KING: Exactly. I call it silent spring. We could see it as soon as next year. A lot of what passes for the airline industry today is going to be gone. The cheap seats are going to be gone.
What few airlines are still around, what few airplane are still around, are going to be packed to the gills with high-priced tickets flying hub cities. You know, New York to Los Angeles. Up to 70 percent of the cities in America, Glenn, are at risk of losing some or all of their scheduled airline service.
BECK: You say FedEx, UPS, that`s all going to change, because I mean, how much is it going to take to cost to ship a package.
But also, you say health care, we`ve got 40 million people they always quote that don`t have health care now. You`re saying companies are going to cut health care and shift it off to the government, because they`re going to have to pay for fuel.
KING: Exactly. Exactly, Glenn. In the last 10 and 15 years, the price of health care for employers has doubled and tripled. It`s just skyrocketing. The employers simply cannot afford skyrocketing health care and higher energy costs in terms of everything. Something`s got to give.
BECK: Byron, I`d love to have you back, because you`re at this -- this offshore tech conference in Houston. And may we have you back again and talk about what you`re learning there. Because we`re really a laughing stock there, aren`t we, in some ways?

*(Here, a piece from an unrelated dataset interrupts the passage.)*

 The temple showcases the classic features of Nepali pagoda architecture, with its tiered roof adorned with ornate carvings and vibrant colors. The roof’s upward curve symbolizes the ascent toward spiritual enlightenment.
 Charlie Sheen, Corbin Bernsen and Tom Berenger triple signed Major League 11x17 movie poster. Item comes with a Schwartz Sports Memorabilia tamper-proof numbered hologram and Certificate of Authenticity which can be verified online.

KING: We really are, Glenn. Today, I had lunch with a guy from Malaysia, Columbia, Angola and Nigeria and Kuwait. This is who was sitting at my table for lunch. We were all talking about offshore exploration and production. This is a world industry. And the United States is falling behind because we won`t drill where we need to drill to make the oil come out.
BECK: Byron, love to have you back, because there`s just all sorts of stuff happening in foreign countries right off our shores we need to talk about. Thanks a lot.

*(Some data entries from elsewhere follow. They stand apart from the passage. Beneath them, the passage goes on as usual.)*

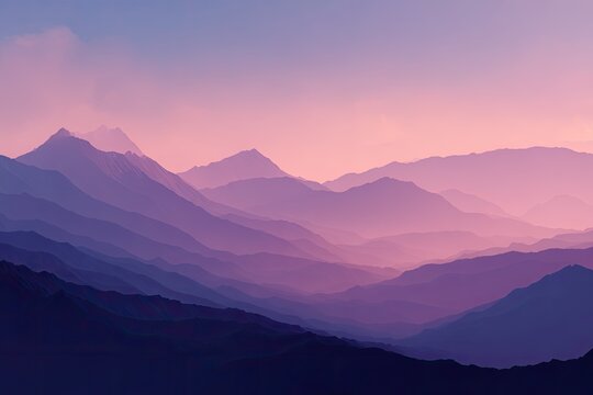 Serene mountain range with snow capped peak at sunrise with soft pastel sky and misty valleys
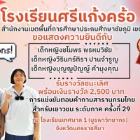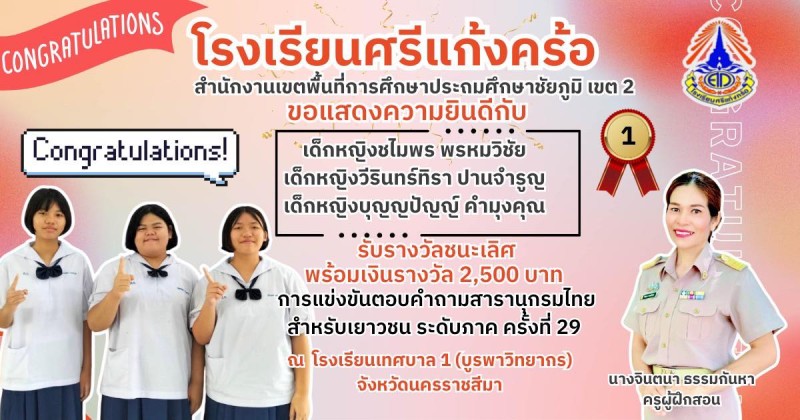 โรงเรียนศรีแก้งคร้อ สพป.ชัยภูมิ เขต 2 ขอแสดงความยินดีกับตัวแทนนักเรียนที่คว้า รางวัลชนะเลิศ พร้อมทุนการศึกษา 2,500 บาท ในการแข่งขันตอบคำถามสารานุกรมไทย สำหรับเยาวชน ระดับภาค ครั้งที่ 29
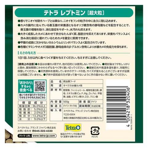 ●各種ビタミン、オメガ3脂肪酸、β-グルカン含有で健康維持によりカメの免疫力を保ちます。
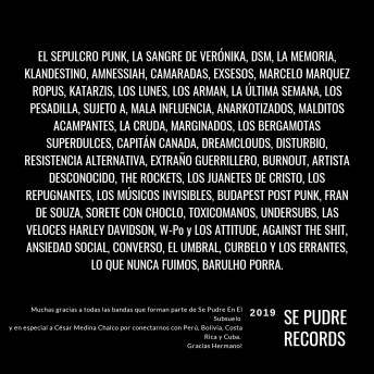 La edición del Volumen 3, que es la que nos ocupa en esta oportunidad, está plagada de muy buenos ejemplos de bandas punk. No sería justo destacar algunas sobre otras. Primero porque nos parece que el nivel es muy parejo, y segundo porque también entendemos que es importante apreciar todos los trabajos en conjunto, más allá de sus diversos orígenes. Así que la invitación es a repasar todos y cada uno de los temas varias veces, reconfortándose de sumergirse en el rock verdadero, aquel que lejos de estar desahuciado, vive y lucha en cada rincón del planeta donde haya gente con ganas de divertirse y de gritar su verdad. Además de lo excelente de la idea, cabe destacar la muy buena presentación y sonido del compilado. Se Pudre en el Subsuelo Volumen 3 (1º de enero 2019) lo pueden escuchar en:
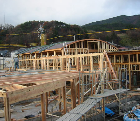 | この現場では珍しく上棟式の時、棟梁が屋根に上がり、5円玉と、お餅を袋に詰めて下の人達に投げ分けるという式典だった。 | ||||
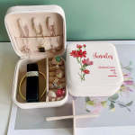 Store and protect your precious jewelry in our Personalized Birth Flower Leather Jewelry Box. This handcrafted box features a beautiful leather design with a birth flower design and can be personalized for a special touch. A perfect gift for bridesmaids or anyone who loves unique and personalized gifts.

Now, coming up, it looks like the pledge delegate, you know, race is all about but wrapped up. The media now is focused on the super delegates. Who are they and what do they want? Find out next.
And a quick programming note: tomorrow, we`ll be speaking with the founder of Focus on the Family, Dr. James Dobson. In the age of scandalous teenage celebrity photographs, YouTube beatings, outrageously violent video games like Grand Theft Auto -- yes, bloggers, I still hate it -- you`ve got to wonder where are we headed? Where is our moral compass pointing now? We have all the answers for you tomorrow at 7 and 9 p.m. Eastern, only on Headline Prime.
(COMMERCIAL BREAK)
BECK: Well, since it`s looking more and more like Obama and Clinton might just have to rely on the super delegates to get the nomination, I thought it was time to take a good, hard look at these people and who they really are and how ridiculous, quasi-communist system that we really have.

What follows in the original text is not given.